TASK TO COMPLETE: Below this line are records; transcribe exactly the lines between the one holding "Notes: Graphing Quadratic" and the one holding "TiMOVO Compatible with", inclusive, and omit the pictures.

Extracted data entries:
# # #
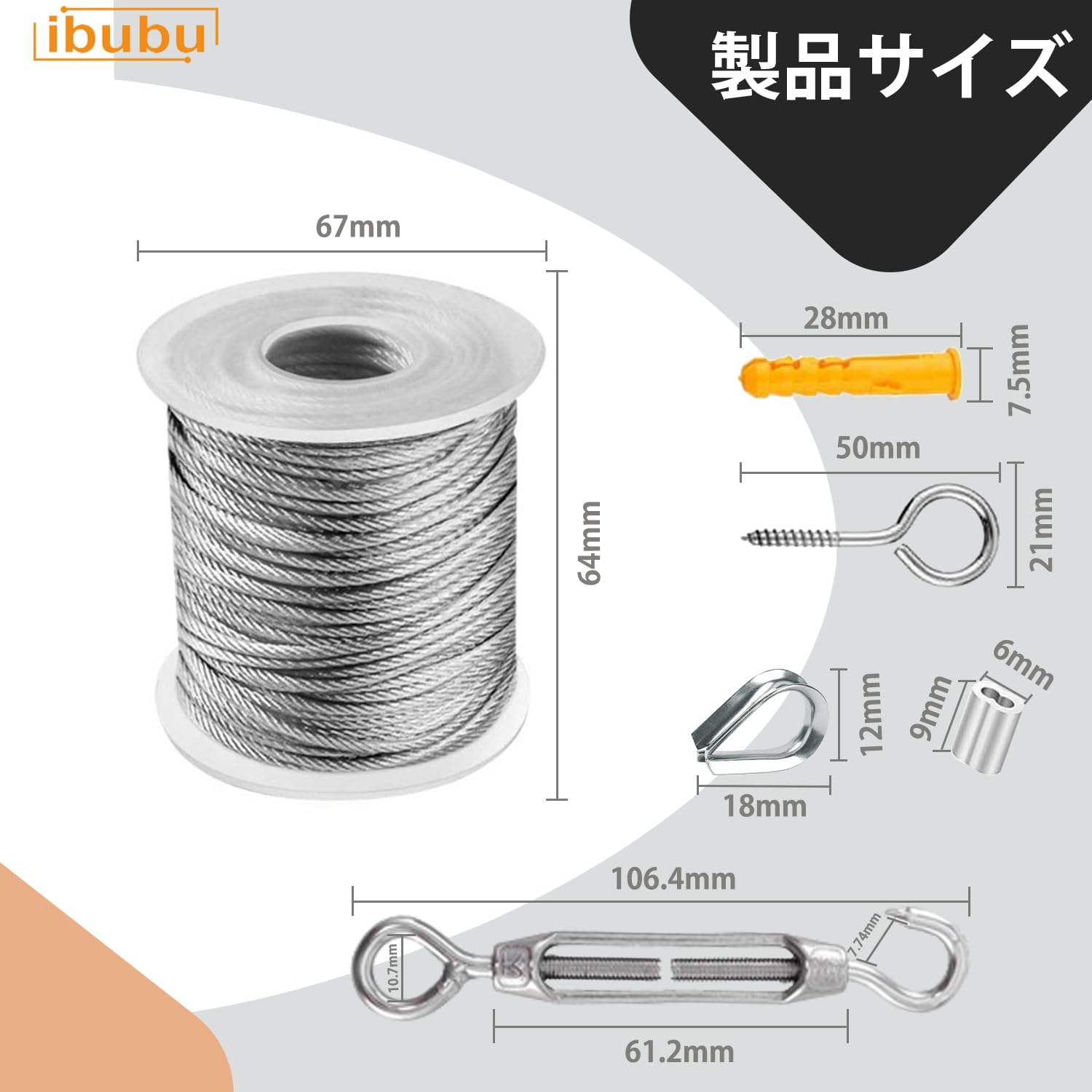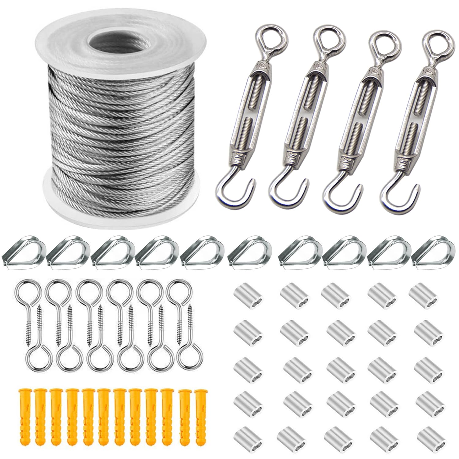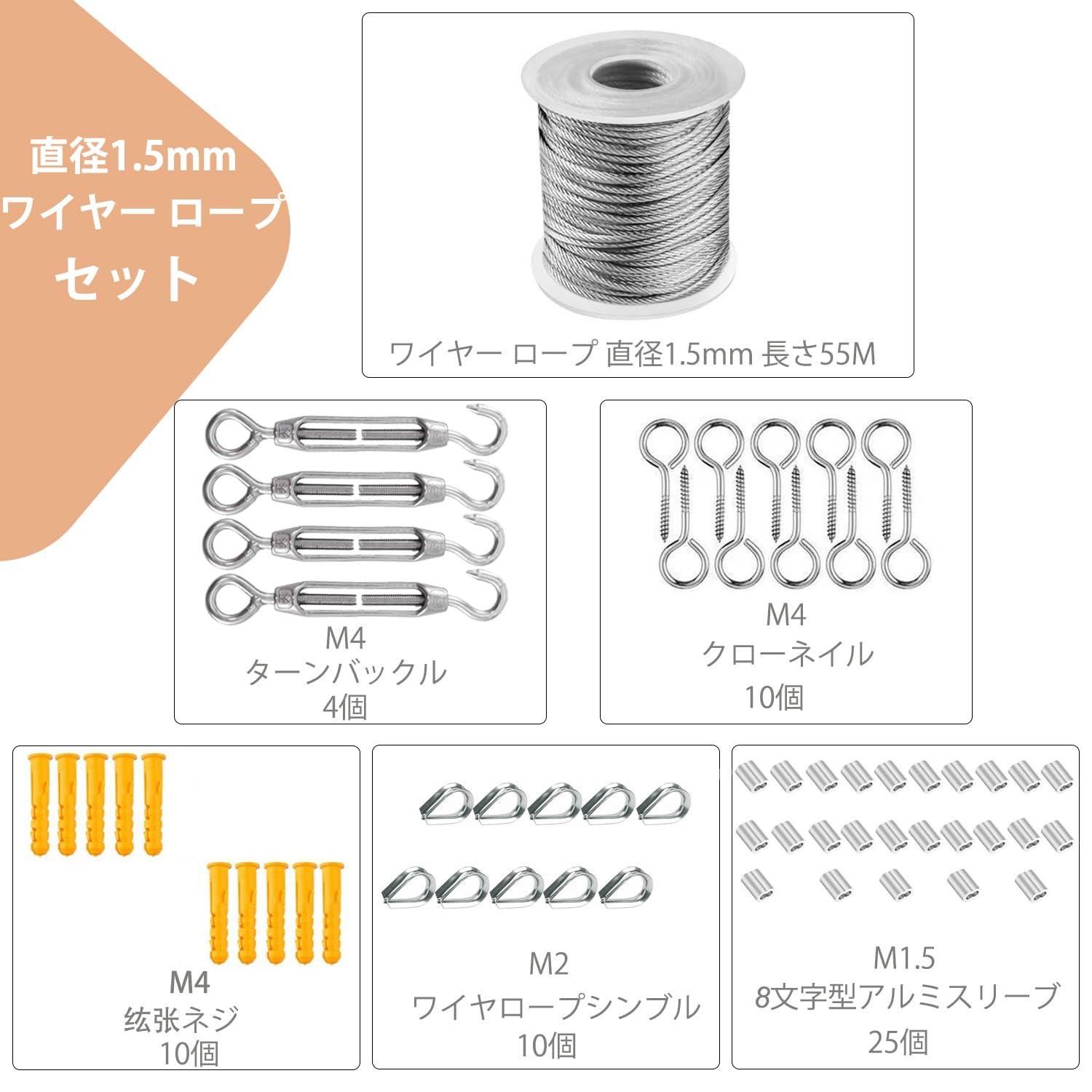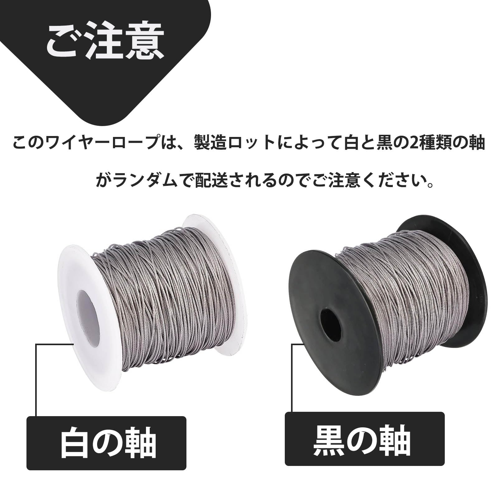 【バスケット内容】ステンレスロープ 直径は1.5mm、長さは55mです。1.5mm 8文字型アルミスリーブ 25個、ワイヤロープシンブル 10個 、ターンバックル 4個 、クローネイル 10個 、??ネジ 10個 入ります。ご注意:このワイヤーロープは、製造ロットによって白と黒の2種類の軸がランダムで配送されるのでご注意ください。
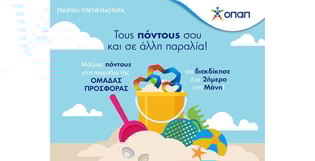 Δύο καλοκαιρινά δώρα περιμένουν τα μέλη της «Ομάδας Προσφοράς» ως επιβράβευση για τη συμμετοχή του στις πρωτοβουλίες Εταιρικής Υπευθυνότητας του ΟΠΑΠ, που χάρισαν παιδικά χαμόγελα.Οι υποστηρικτές των δράσεων του ΟΠΑΠ μπορούν τώρα να διεκδικήσουν δύο ταξίδια στη Μάνη, αρκεί να κατεβάσουν δωρεάν την εφαρμογή «Ομάδα Προσφοράς» και να συμμετάσχουν στις δοκιμασίες. Όσο παίζουν, συγκεντρώνουν πόντους που τους φέρνουν πιο κοντά στο έπαθλο, το οποίο περιλαμβάνει ένα διήμερο στο Kyrimai Hotel και ένα cooking class με τον chef του ξενοδοχείου. Νικητές θα αναδειχθούν τα δύο μέλη της «Ομάδας Προσφοράς ΟΠΑΠ» που θα συγκεντρώσουν τους περισσότερους πόντους έως τις 9 Σεπτεμβρίου.
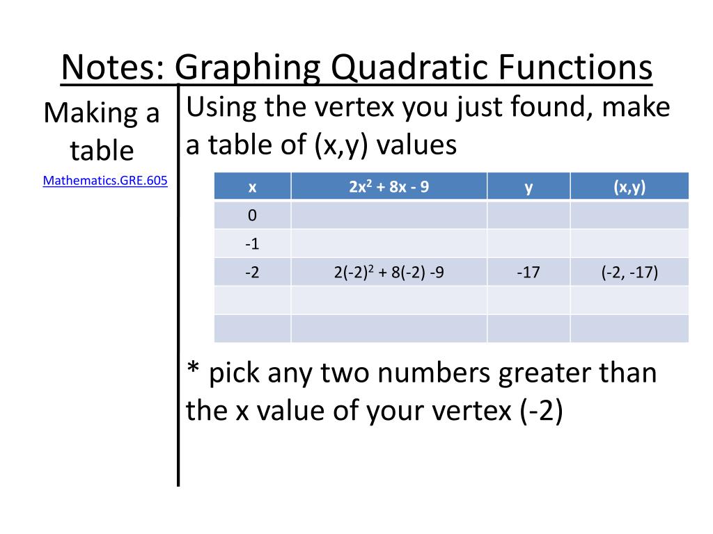 Notes: Graphing Quadratic Functions Using the vertex you just found, make a table of (x,y) values * pick any two numbers greater than the x value of your vertex (-2) Making a table Mathematics.GRE.605
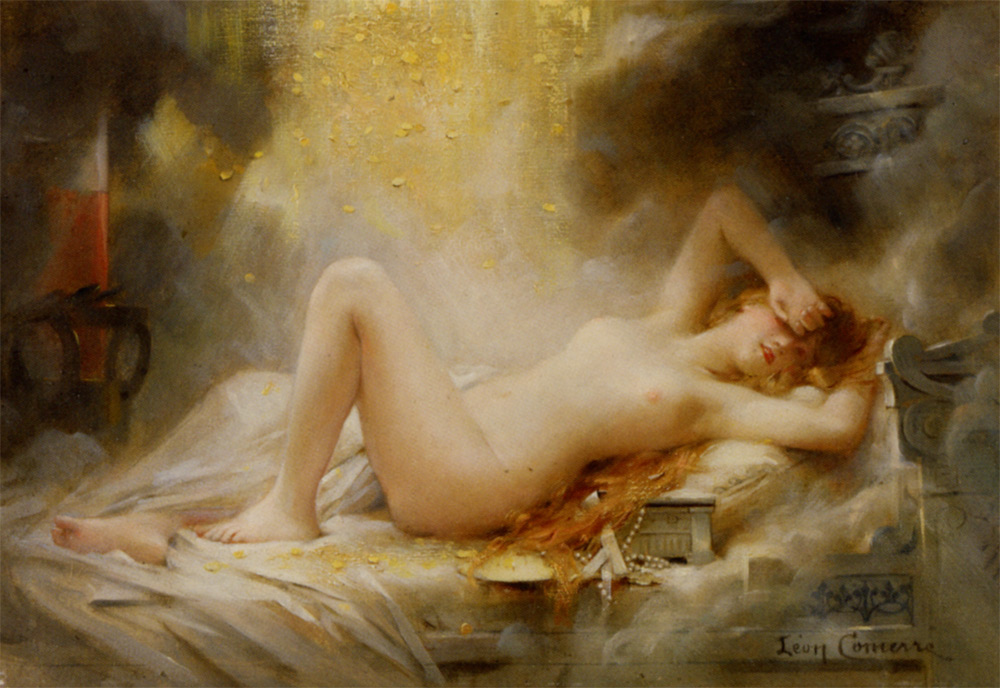 Léon Comerre (1850-1916), Dánae y la Lluvia de Oro, 1908. Óleo sobre lienzo.
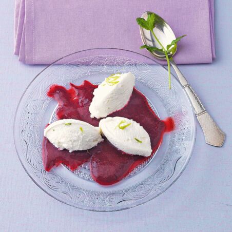 Beerensauce auf zwei Dessertteller verteilen. Mit einem Esslöffel Nocken aus der Quarkmousse stechen und auf die Sauce setzen. Mit Minze garnieren.
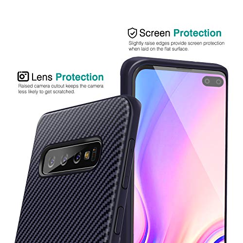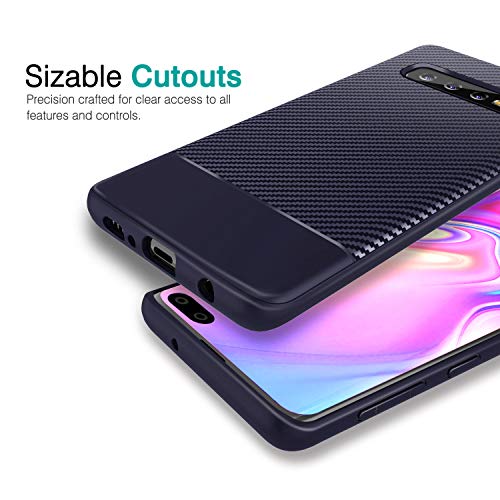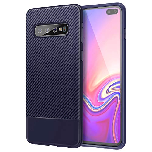 TiMOVO Compatible with Galaxy S10+ Case, Soft Anti-scratch TPU Bumper Cover + Carbon Fiber Cover Fit with Samsung Galaxy S10 Plus 6.4 inch 2019 – Blue
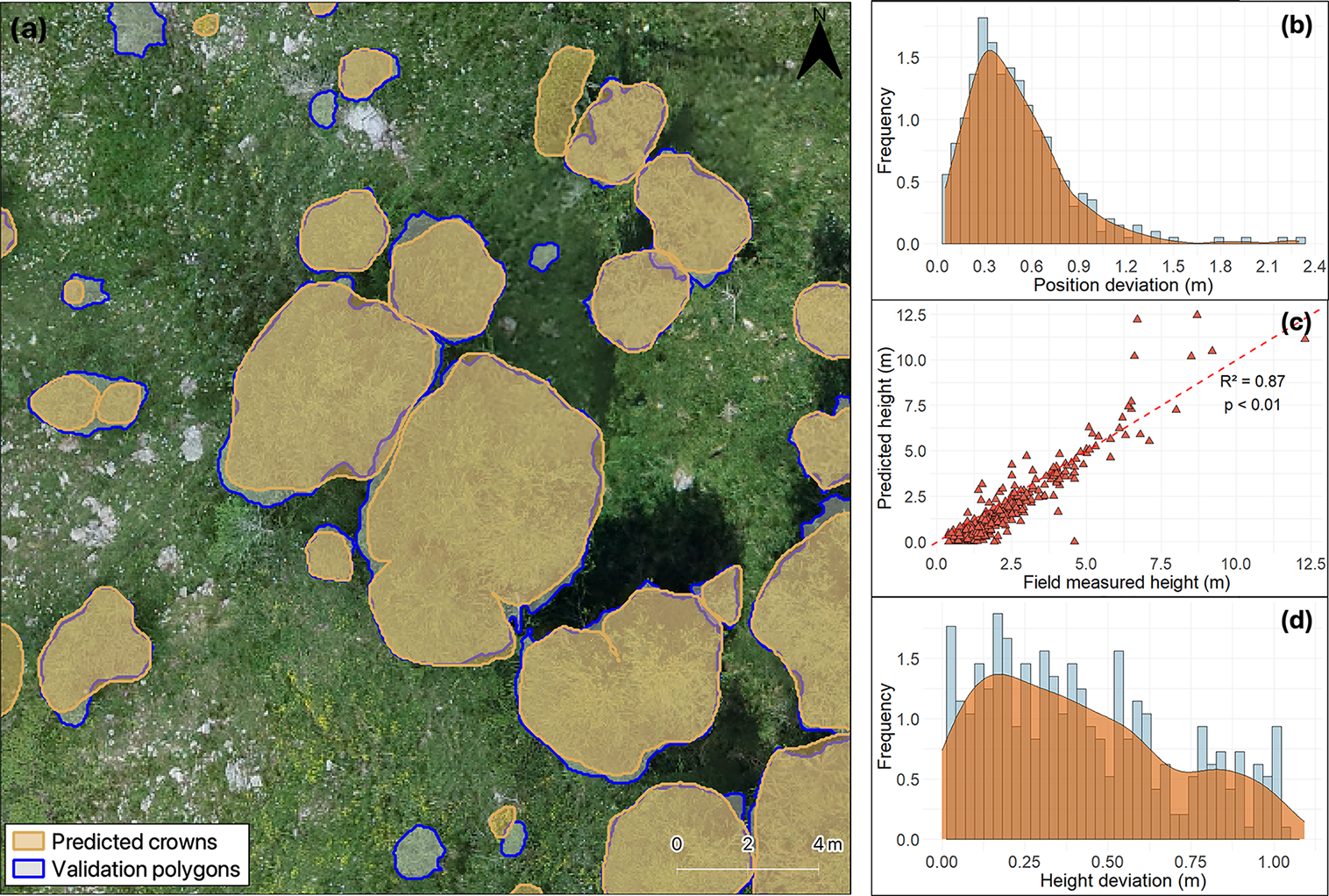 Figure 4(a) Instance segmentation output with a comparison of crowns predicted by the model (shaded with orange outline) and validation polygons (shaded with blue outline) in Genevris study site. The image illustrates how smaller trees were harder to detect by the model, with some missing segmentations. Frequency and smoothed kernel density distribution of (b) relative deviation for position estimation and (d) deviation for height estimations with the smoothed, continuous approximation of the kernel-density estimate in orange. (c) Linear regression model between the field-measured crown heights and estimated heights in metres. The red dashed line represents the 1:1 line.
# # #
SOLUTION TO THIS PROBLEM:
 Notes: Graphing Quadratic Functions Using the vertex you just found, make a table of (x,y) values * pick any two numbers greater than the x value of your vertex (-2) Making a table Mathematics.GRE.605
 Léon Comerre (1850-1916), Dánae y la Lluvia de Oro, 1908. Óleo sobre lienzo.
 Beerensauce auf zwei Dessertteller verteilen. Mit einem Esslöffel Nocken aus der Quarkmousse stechen und auf die Sauce setzen. Mit Minze garnieren.
 TiMOVO Compatible with Galaxy S10+ Case, Soft Anti-scratch TPU Bumper Cover + Carbon Fiber Cover Fit with Samsung Galaxy S10 Plus 6.4 inch 2019 – Blue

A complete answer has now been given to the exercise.